Geometric Control Theory

Log in to your course web

You are not logged in KTH, so we cannot customize the content.

This course is the continuation course of Mathematical Systems Theory. More information can be found on the Canvas page for the course.

Linear geometric control theory was initiated in the beginning of the 1970's. A good summary of the subject is the book by Wonham.

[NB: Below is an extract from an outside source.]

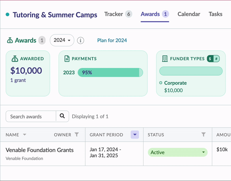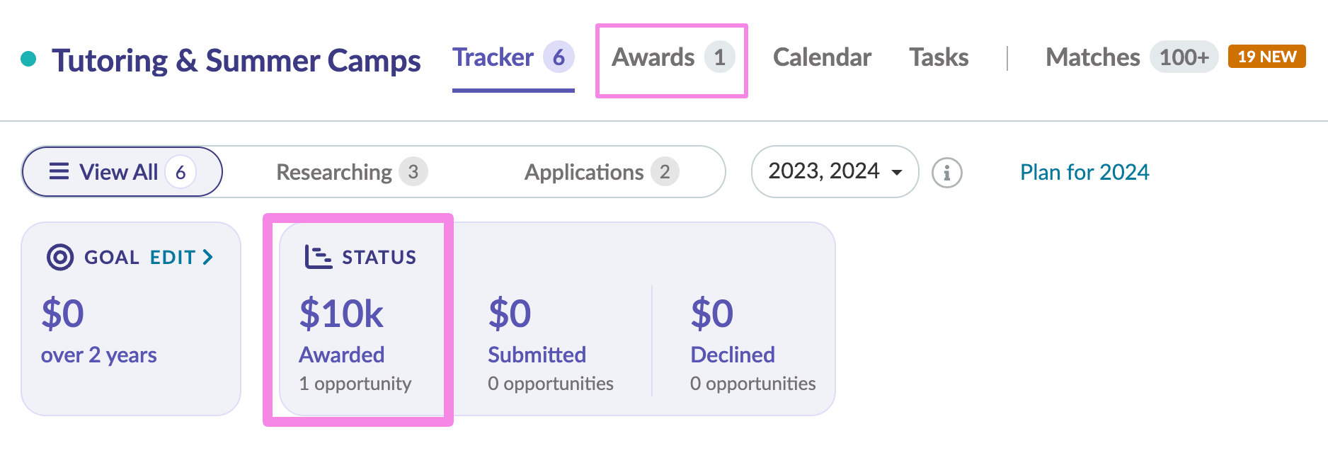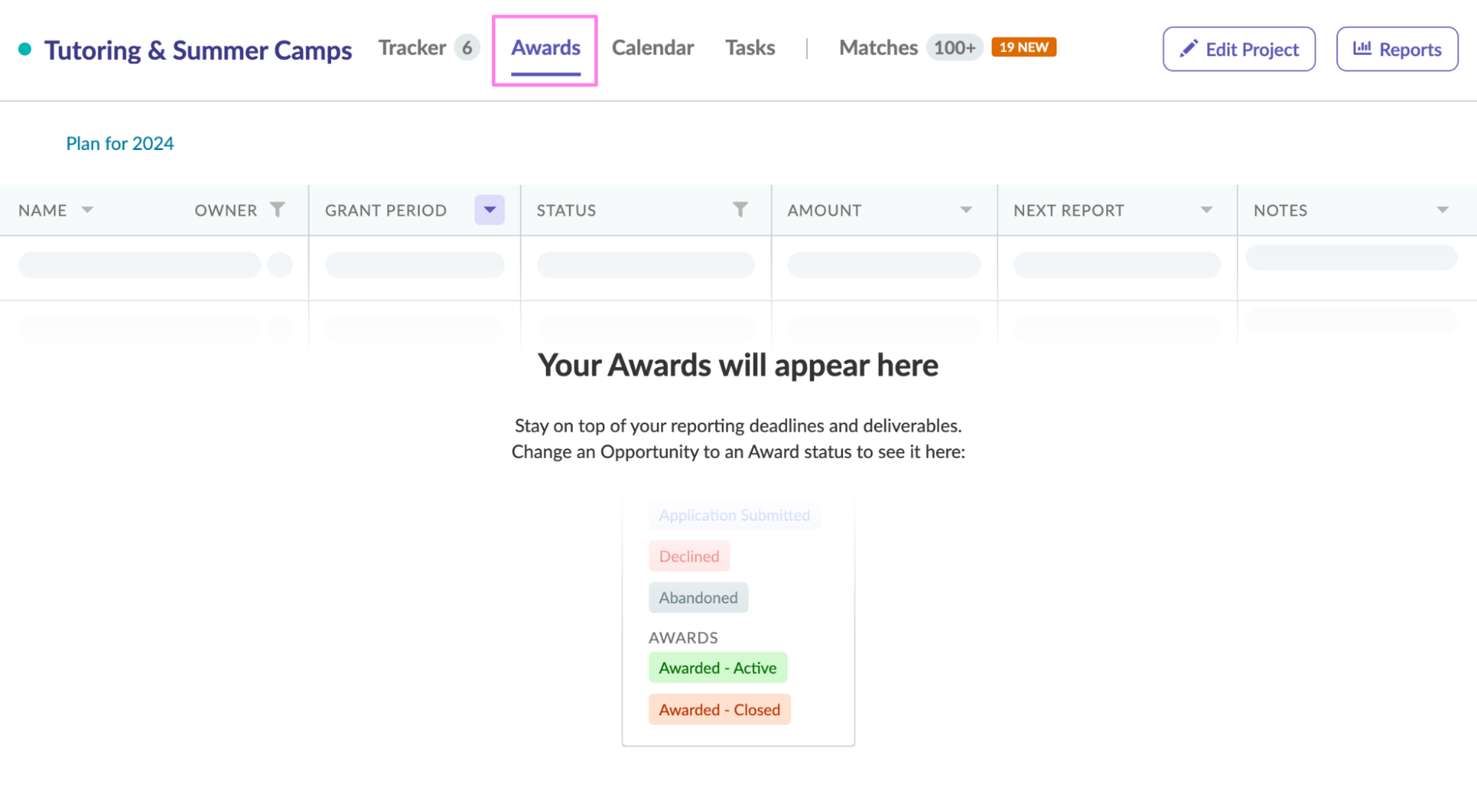 You’ll be able to see all of your awarded grants in one place by clicking into the Awards tab.

The term ``geometric'' suggests several things. First it suggests that the setting is linear state space and the mathematics behind is primarily linear algebra (with a geometric flavor). Secondly it suggests that the underlying methodology is geometric. It treats many important system concepts, for example controllability, as geometric properties of the state space or its subspaces. These are the properties that are preserved under coordinate changes, for example, the so-called invariant or controlled invariant subspaces. On the other hand, we know that things like distance and shape do depend on the coordinate system one chooses. Using these concepts the geometric approach captures the essence of many analysis and synthesis problems and treats them in a coordinate-free fashion. By characterizing the solvability of a control problem as a verifiable property of some constructible subspace, calculation of the control law becomes much easier. In many cases, the geometric approach can convert what is usually a difficult nonlinear problem into a straight-forward linear one.

As we can already see, "invariance" is a very important concept in the geometric control theory. It is not coincidence that invariance is also very important in machine learning since it preserves the object's identity, category and so forth across changes in the specifics of the input. In this respect, geometric methods are also important in machine learning.

The linear geometric control theory was extended to nonlinear systems in the 1970's and 1980's (see the book by Isidori). The underlying fundamental concepts are almost the same, but the mathematics is different. For nonlinear systems the tools from differential geometry are primarily used.

The course compendium is organized as follows.

Chapter 1 is introduction; In Chapter 2, invariant and controlled invariant subspaces will be discussed; In Chapter 3, the disturbance decoupling problem will be introduced; In Chapter 4, we will introduce transmission zeros and their geometric interpretations; In Chapter 5, non-interacting control and tracking will be studied as applications of the zero dynamics normal form; In Chapter 6, we will discuss some input-output behaviors from a geometric point of view; In Chapter 7, we will discuss the output regulator problem in some detail; In Chapter 8, we will extend some of the central concepts in the geometric control to nonlinear systems. Finally, in Chapter 9 some applications to mobile robots will be given.